The members” finger-in-the-eye and even humourous attitude towards imprisonment does not amuse the regime, say analysts.

“The fact that I land in prison for (defending) an idea gives me peace,” said al-Erian a few weeks before he was re-arrested. “That”s why prison will never break us.”

The group claims that, in total, 600 of its members are currently behind bars.

By confining their most powerful leaders, some analysts claim that the regime is trying to provoke the Muslim brothers into using violence in order to justify its own action.

“But the brothers will not be lured into clashes with the regime, they will pass this time too,” said Magdi Qarqar, the general secretary of Egypt”s Labour party.

The movement in lieu of aggression usually resort to a passionate war of words.

Abdel-Hamid al-Ghazali, an advisor to the group”s so-called Supreme Guide, Mohammed Mahdi Akef, was quick to call the crackdown a form of “state-terrorism.”

A young leader of the movement, Ibrahim al-Houdaiby, whose own grandfather once headed the group, wrote: “The arrest of al-Erian is a clear attempt by the regime to crackdown on the moderate leaders of the Muslim Brotherhood who could push the group towards more moderate stances.

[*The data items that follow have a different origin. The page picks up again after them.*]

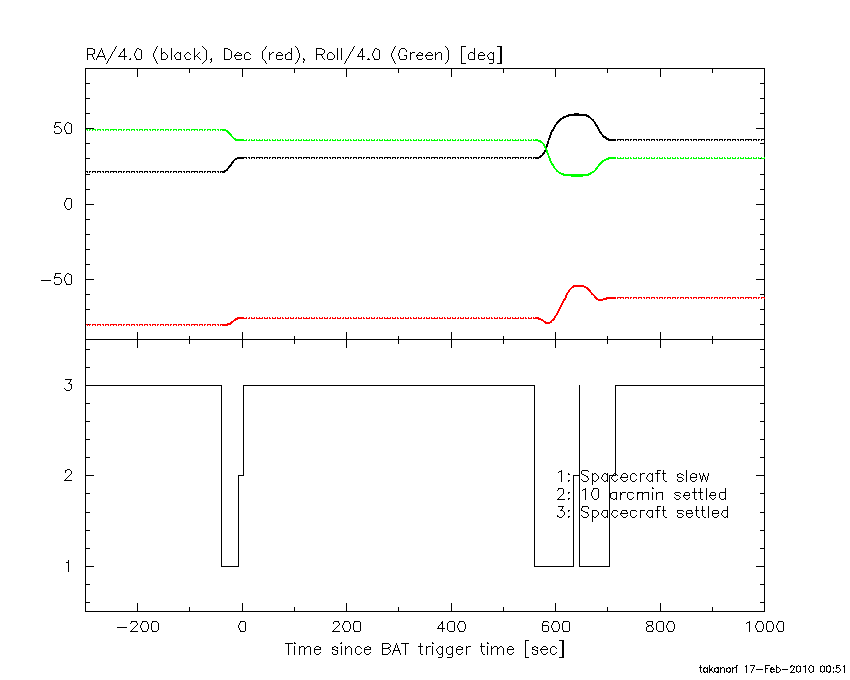 - 4) The verticle lines correspond to following: green dotted lines are T50 interval, black dotted lines are T90 interval, blue solid line(s) is a spacecraft slew start time, and orange solid line(s) is a spacecraft slew end time.
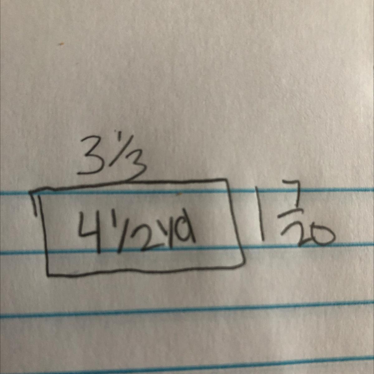 This is the answer because 4 1/2yd divided by 3 1/3 is equal to 1 7/20
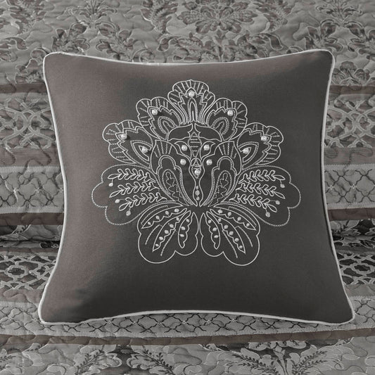 5-Piece Queen 5 Piece Reversible Jacquard Bedspread Set,Grey
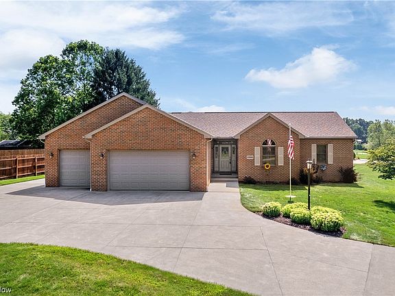 Welcome to this custom built and sprawling all brick ranch located on a beautiful lot. This inviting abode offers three nicely sized bedrooms and three full baths. The oversized great room boasts a beautiful gas fireplace and bamboo flooring. The kitchen has cherry cabinetry, black appliances, and has ample counterspace. The dining area has sliders that exits to the stamped concrete patio with a pergola. There is also an additional living room that overlooks the stunning backyard. The basement is huge and could easily be finished for a rec room. There is already a full finished bathroom in the basement. All of this plus a 3 car attached and heated garage and a separate shed. This home has been lovingly maintained and is awaiting a new owner. Updates include roof in 2022 and HVAC in 2023. This one is a show stopper. Call to schedule a showing today to make this your new address!!
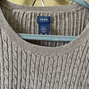 Izod grey cable stitch sweater in excellent condition no snags or flaws. This sweater has buttons on the sleeve and a scalloped edge to the sleeve and bottom of the sweater giving it a feminine edge.
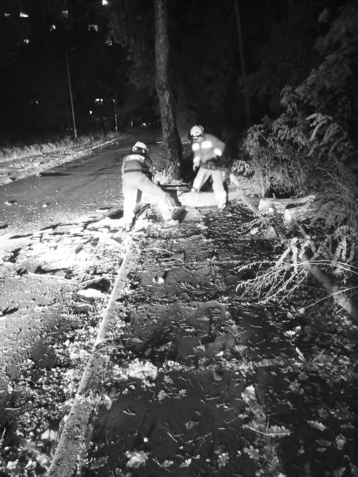 Дерево також впало на проїжджу частину по вулиці Богдана Хмельницького, в Шевченківському районі. Рятувальники, попри пізню пору й негоду, оперативно прибрали дерево й рух транспорту було відновлено.
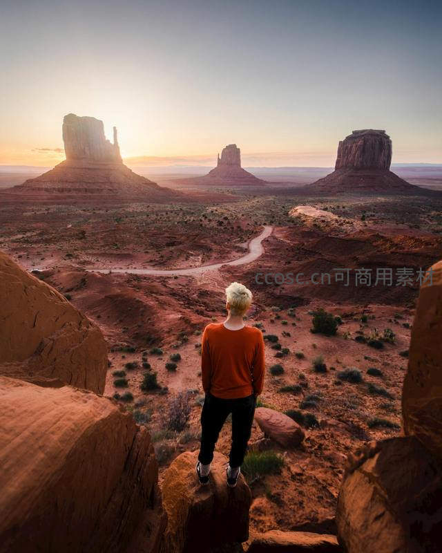 一位穿橙色上衣的游客站在岩石凸起处,背对镜头俯瞰广袤荒漠,远处三座标志性砂岩孤峰在夕照中泛着暖光,蜿蜒土路穿行其间,植被稀疏点缀,整体氛围宁静辽远,象征探索与沉思。
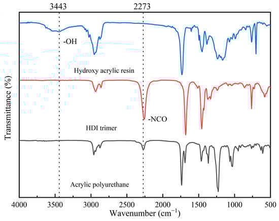 It can be seen that the -OH group of peak 3443 cm−1 in the spectrum of hydroxy acrylic acid has completely disappeared in the spectrum of acrylic polyurethane. This shows that the hydroxyl acrylic acid reacts fully with the HDI trimer, completing the chemical reaction shown in (1) in Figure 2. The -NCO group at peak 2273 cm−1 of the HDI trimer spectrum was still retained in the acrylic polyurethane spectrum, indicating that the synthesized acrylic polyurethane solution retained the ability to bond with paper and the prepared reinforcement solution was the same as expected.
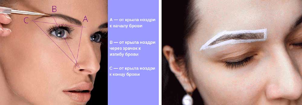 основание или начало брови. Тут поставь две точки – одна на уровне максимального роста волос у переносицы, вторая под ней на нужном уровне – постановка этой точки зависит от желаемой ширины;

“The question remains: Who does that serve?”

Apparently in defiance of the regime, al-Erian”s daughter told al- Dostour newspaper that this time her father and his colleagues refused to answer questions in custody since they “said enough during previous questioning.”

The daughter also claimed the police broke into their house and seized cuttings of newspaper columns that her father had written as well as personal documents.

Such incidents, when put under the spotlight, quickly become human rights issues, prompting civil right groups to release statements condemning the regime”s abuses–another “score” for the movement.

In Egypt”s largely conservative society where forms of religiosity are increasing, group members are some of the few to associate their cause with strict Islamic concepts, giving their struggle a holy touch.

As the government fails to give itself the image of the “pious” or the “God-fearing,” people like el-Erian come out and say that imprisonment is a time where the Brotherhood “nurture their spiritual connection with God.”